Colleges rely heavily on adjunct professors like Chatfield. And, if these schools move forward with in-person instruction for the coming semester, adjuncts will likely play a greater role in teaching students in the classroom. But they often have little institutional support — in terms of health insurance or other benefits — even during this public health crisis.

The pandemic’s dangers for faculty and students abound. Enclosed spaces like dormitories and classrooms provide a prime environment for the virus to spread, and the number of cases among young adults is rising around the country.

Some colleges and universities are allowing faculty members to request accommodations if they feel uncomfortable returning to the classroom.
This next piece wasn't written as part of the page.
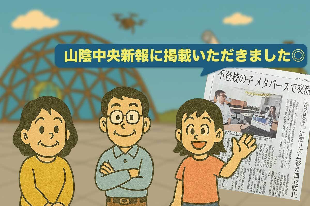 2025/10/27 09:00紙面で紹介—「メタバース×地域」で不登校支援の新しいかたち週末の山陰中央新報に、私たちの取り組みが掲載されました。記事では、メタバース空間をPC画面で実演しながら説明する反田の様子が紹介されています。顔出しに不安がある子もアバターで参加でき、まずは“来てみる”ことから始まるオンラインの居場所について触れていただきました。取材の皆さま、そして日頃から応援してくださる皆さま、本当にありがとうございます。私たちのめざす場所—「治す」でも「評価する」でもない“あいだ”私たちがつくりたいのは、肩の力を抜いて“来てみる”ことから始まる、第三のよりどころです。1)メタバース活用:アバター参加で心理的ハードルを下げる2)生活リズムの回復:決まった時間に集う“習慣”を支える3)少人数の見守り体制:安全とプライバシーに配慮した運営4)島根・石見の伴走:オンラインで距離を縮め、必要時は顔の見える関係で支える新聞でも、「孤立の防止」「生活リズムを整える」という視点を丁寧にすくい上げていただきました。ここで過ごした時間が、学校復帰でも、通信制・高認・進学でも、あるいは“いまの自分を保つ”静かな足場でも、その子にとっての前進であれば十分です。次の一歩—初めての方へ安心の導線を今後は、・フリースクールと無料塾(2026年度 開校予定)・保護者向けミニ相談(カウンセリング/進路相談の機会)を順番に整えていきます。はじめの一歩を、できるだけ軽く。反田がPCでメタバース空間をシミュレーションしながら説明する様子。→ プロジェクトTOP→ 活動報告#2|新リターン「支援者銘板」読んで、シェアして、支援してくださる一つひとつが、この“あいだ”の場を確かに育ててくれています。いつもありがとうございます。 もっと見る

But adjunct professors — cognizant of the poor job market and sometimes working on semester-to-semester contracts — say they hesitate to make that request because they are nervous about losing employment.

These non-tenured faculty are “in the most precarious situation,” said William Herbert, executive director of the National Center for the Study of Collective Bargaining in Higher Education and the Professions at Hunter College in New York.

Take Robin Gary, 56, who, until recently, was an adjunct professor at Elon University in North Carolina. In June, she moved away from her family in Raleigh to be closer to campus. Not long afterward, she received a message from the university with the subject line “Faculty Leaving Elon.” Her name was on the list of people whose contracts had not been continued.

“I’m in shock and I’m in mourning,” she said.